Another Step Closer to Stopping Ebola Replication

Researchers foresee new, effective Ebola treatments in the future due to a promising discovery in the deadly disease's replication process.

Researchers foresee new, effective Ebola treatments in the future due to a promising discovery in the deadly disease’s replication process.

A collaborative team has filed the protein Niemann-Pick C1 (NPC1) as a key player in the pathogenesis and host infection of the virus. Previous research determined that in vitro Ebola binds to NPC1 in order to enter the host cells; therefore, blocking the interaction proved to inhibit the process. However, little was known about the same method for the in vivo aspect.

“The science behind the concept of blocking the interaction between NPC1 and the virus is solid,” one of the lead authors John Dye, Jr., PhD, from the US Army Medical Research Institute of Infectious Diseases said in a news release.

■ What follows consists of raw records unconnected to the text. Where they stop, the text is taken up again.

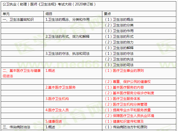 附件下載:公衛(wèi)執(zhí)業(yè)(助理)醫(yī)師《衛(wèi)生法規(guī)》大綱(2020修訂版)
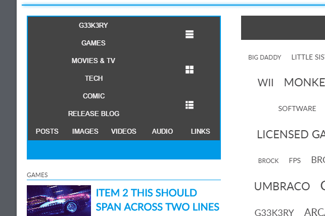 Note that all the consoles and games are free to exist and take up as much space within the realms of their shelf. But it’s the shelf that controls the layout of this impressive gaming collection! (including cable management…) Remember the grid system isn’t all that different from a set of shelves. You can code chaos to your hearts content…and your columns keep the chaos compartmentalized.
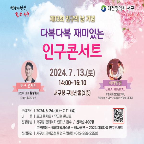 [충청뉴스 박영환 기자] 대전 서구가 오는 13일 구청 2층 구봉산홀에서 인구 문제에 대한 인식을 높이기 위해 '다복다복 재미있는 인구콘서트'를 개최한다고 3일 밝혔다.
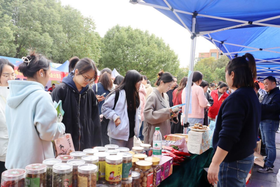 特色购物区同样精彩纷呈。新疆风味的农产品吸引了众多师生的目光,从肉厚核小、甘甜可口的和田大枣到鲜艳脆甜、汁多味美的阿克苏苹果,每一种都是大自然的馈赠。现场提供的免费试吃让师生们赞不绝口,优惠的价格更是让人心动。此外,临安山核桃、大颗粒葵花籽、多种饮料和零食的集结,让师生们享受到了一站式的购物体验。
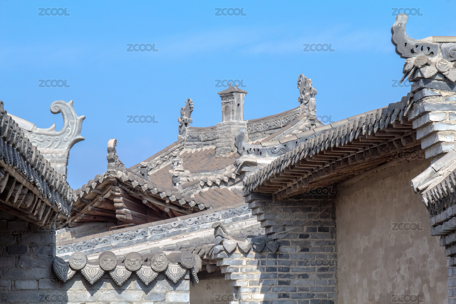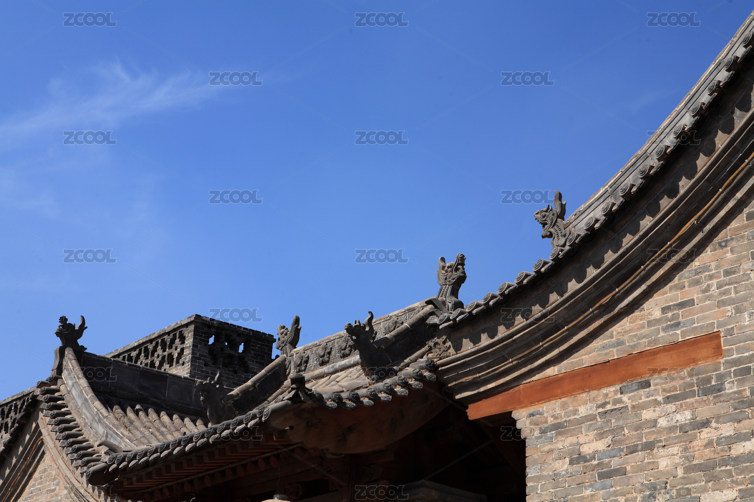 中国山西省平遥县古城民宅屋檐斗拱园林建筑
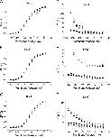 Figure 4. . Voltage dependence and kinetics of voltage jump–induced fluorescence changes and comparison with properties of the corresponding transient charge movements under K+-free (Na+/Na+ exchange) conditions. Data originated from oocytes coexpressing the α subunit construct sNaKα1, ØCys together with sβ1-S62C (A and D), sβ1-F64C (B and E), sβ1-K65C (C and F). Left panels show the voltage dependences of normalized fluorescence saturation values (▪) obtained from mono- (A and C) and biexponential fits (B) to the data, and the corresponding normalized values for the translocated charge (□) obtained from integration of the transient currents recorded in parallel. Curve parameters are summarized in Table I. Right panels show the voltage dependence of reciprocal time constants obtained from monoexponential fits of the transient current traces before (▪) and after (□) labeling of oocytes with TMRM, together with reciprocal time constants from fits of fluorescence signals under K+-free conditions (▴) or in presence of K+ (99.9 mM Na+/0.1 mM K+, ○; 99.5 mM Na+/0.5 mM K+, •). Data are means ± SEM from six oocytes. |

The team used 3 different types of mice — normal, genetically engineered to completely lack NPC1, and engineered to have both normal and a mutant NPC1 allele – to test the in vivo outcome. The normal mice ended up developing and dying from Ebola within 9 days while those that lacked NPC1 did not show a single trace of the disease. According to study published in mBio, the third group of mice displayed high Ebola viremia levels at first that later decreased and the virus was gone.

“The underlying story of an Ebola infection is that your immune system and the virus are in a race,” Dye explained. “If you can do anything to control the amount of virus that is in the system, keep it below a certain threshold, your immune system in many cases will win that race.”

Although the virus has not become more and less harmful since its first outbreak 40 years ago, the mutation in the RNA of Ebola is just one of the challenges in the way of improved treatments. Furthermore, this identification is especially crucial since a recent case proved that even a clean blood test doesn’t fully clear someone of the deadly disease.

“That research has provided a body of knowledge that scientists could immediately apply to Ebola once it became known that Ebola exploits NPC1 for infection,” author Steven Walkley, DVM, PhD, from Albert Einstein College of Medicine said.

The researchers have already moved on to the next phase of testing by trying 3 NPC1 inhibitors on the mice. Even though one of the drugs did not provide protection and the other 2 only did a little, the pathway to improved treatments is slowly but surely being paved.